**Brief:**
Exact reproduction is required for the lines below starting at the line with "The festival of" and ending at the line with "Rwanda has been", both included. No other lines, and no pictures.

*** Opening Input material ***

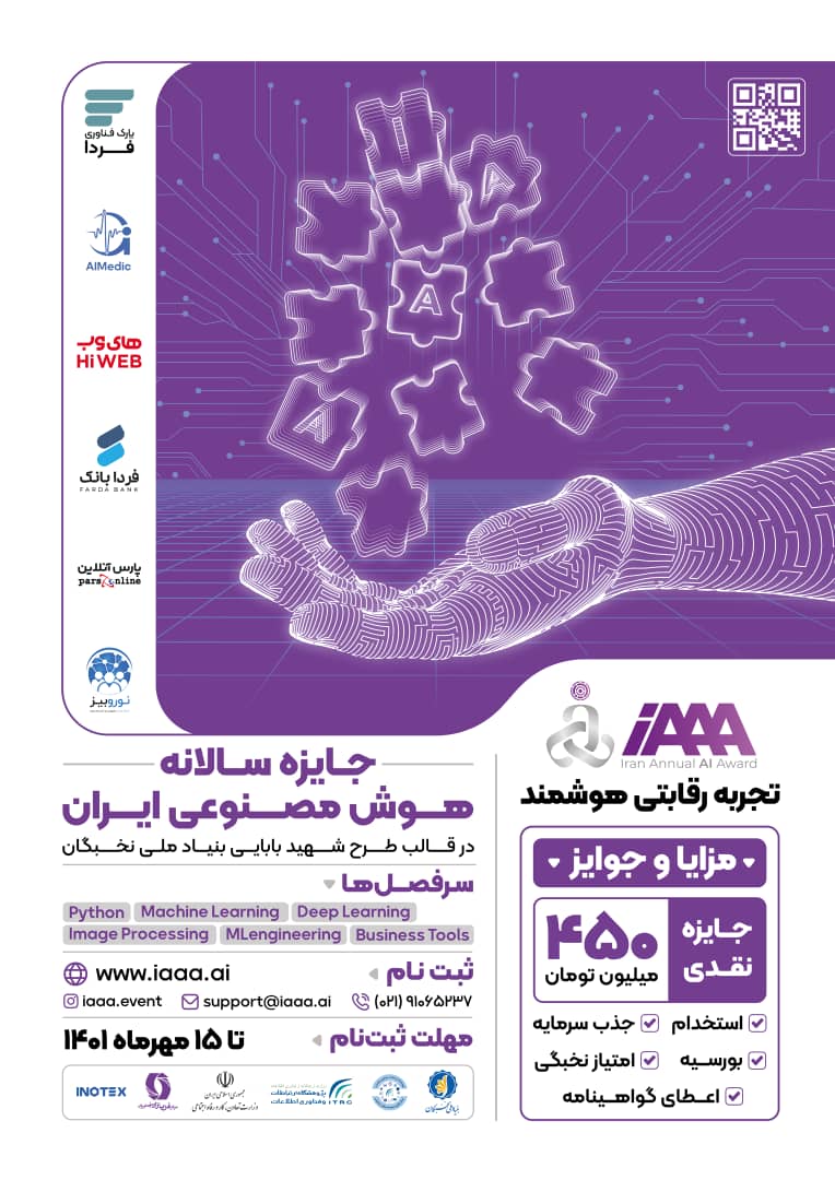 مسابقه سالانه هوش مصنوعی ایران، iAAA، با هدف آشنایی و آموزش علاقهمندان به این فناوری و پرورش این افراد در کل کشور، در نظر دارد طی یک فرایند مشخص حضوری و غیر حضوری، آموزش های لازم به علاقه مندان ارائه دهد و در نهایت با طرح موضوعات جدی صنعت در حوزه هوش مصنوعی، علاوه بر پیشبرد اهداف مسابقه 3 مسئله واقعی را رفع نماید. در سال جاری این مسائل در حوزه سلامت و پزشکی خواهد بود و تیم ها در پایان مسابقه، فارغ از جوایز دریافتی، میتوانند از ظرفیت های جانبی فراهم شده نیز استفاده نمایند.
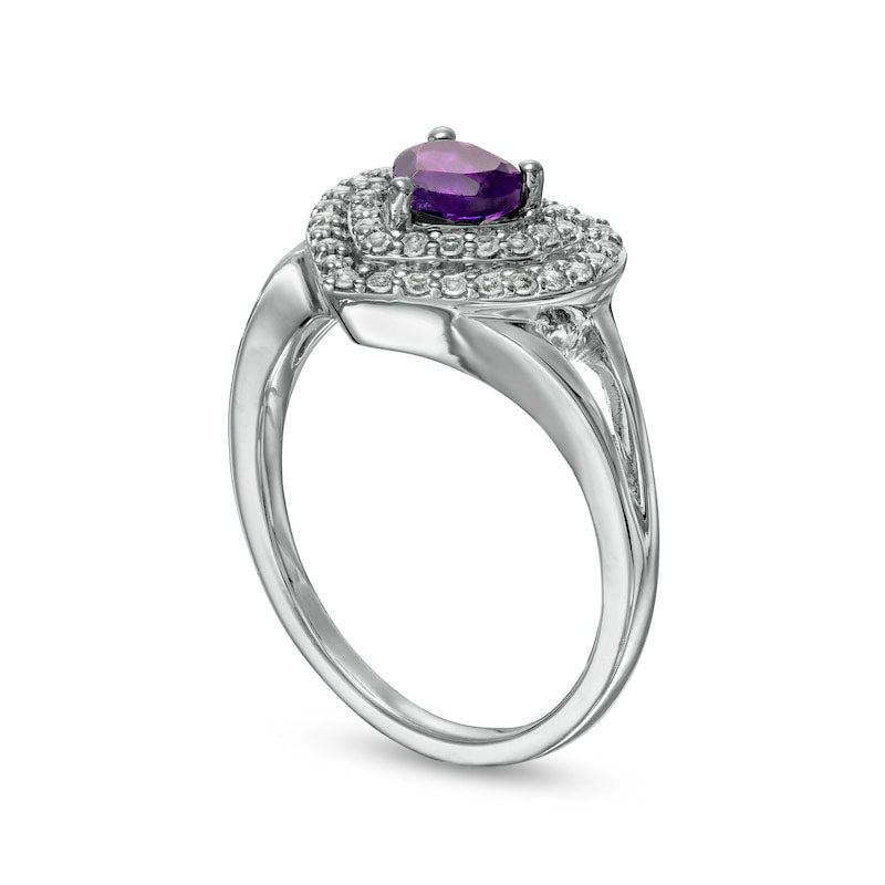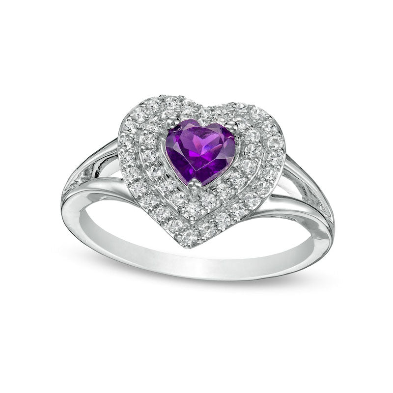 Crafted with precision in sterling silver, this stunning double frame ring highlights a 5.0mm heart-shaped amethyst at its center, surrounded by glittering white lab-created sapphires. The perfect accessory to elevate your ensemble with its captivating and sophisticated design.
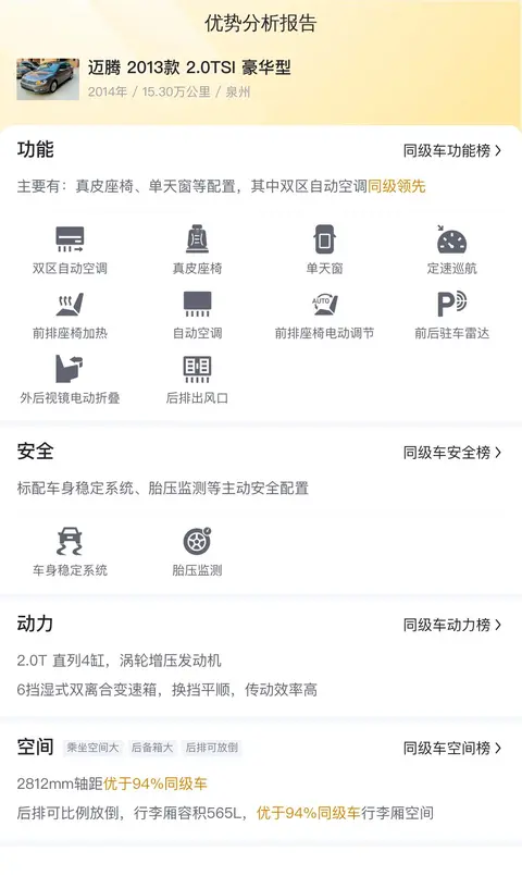 本次介绍的车型为迈腾 2013款 2.0TSI 豪华型,定位中型轿车,香槟色外观,上牌地及车源地均为泉州,上牌日期2014年5月,表显里程15.30万公里,有1次过户记录,新车指导价24.78万,二手车报价5.68万,该车符合国IV排放标准。
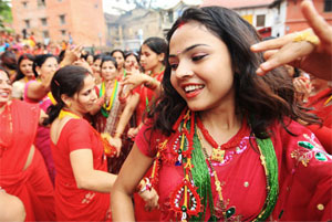 The festival of Tay or Teej is celebrated with great zeal in Nepal. It is like a very major festival there. Nepali Teej is famous all around. The first day of Nepali Teej is known as 'Dar Khane Din'. On this day, people from Bahun and Chhetri sects assemble at one place and participate in singing and dancing. Nepali Teej continues for three days, and the final rituals end with the purification of human souls. Women also observe a Nirjala Teej Vrat (abstaining from water) for 24-hours. On the third and last day of Nepali Teej, married women are absolved from their sins.
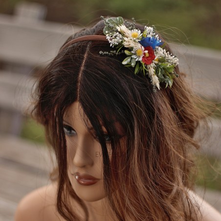 látkové květy, umělá zeleň, sušené obilí, konzervovaný nevěstin závoj, konzervované barvené stoebe
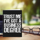 Vertrau mir, ich habe einen Abschluss in Wirtschaft got. Ein Abschluss Spaß Ausweis, um einem Absolventen zu gratulieren, der einen Master of Business Administration von einer Uni oder Universität. Ein lustiges Zitat von einem Geschäftsmann, einer Geschäftsfrau oder einem Geschäftsmann.
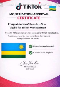 Rwanda has been approved for TikTok monitisation thereby enabling content creators from the country earn money.
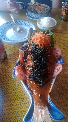 We got the chicken satay, Thai ice coffee and spicy fried rice. The chicken satay had a yellow curry on it that did not taste good at all. We couldn’t eat it. The Thai iced coffee had a bad taste as though the condense milk was old. The spicy chicken fried rice was not at all spicy but at least was edible.

*** Closing Input material ***

**Answer section:**
 The festival of Tay or Teej is celebrated with great zeal in Nepal. It is like a very major festival there. Nepali Teej is famous all around. The first day of Nepali Teej is known as 'Dar Khane Din'. On this day, people from Bahun and Chhetri sects assemble at one place and participate in singing and dancing. Nepali Teej continues for three days, and the final rituals end with the purification of human souls. Women also observe a Nirjala Teej Vrat (abstaining from water) for 24-hours. On the third and last day of Nepali Teej, married women are absolved from their sins.
 látkové květy, umělá zeleň, sušené obilí, konzervovaný nevěstin závoj, konzervované barvené stoebe
 Vertrau mir, ich habe einen Abschluss in Wirtschaft got. Ein Abschluss Spaß Ausweis, um einem Absolventen zu gratulieren, der einen Master of Business Administration von einer Uni oder Universität. Ein lustiges Zitat von einem Geschäftsmann, einer Geschäftsfrau oder einem Geschäftsmann.
 Rwanda has been approved for TikTok monitisation thereby enabling content creators from the country earn money.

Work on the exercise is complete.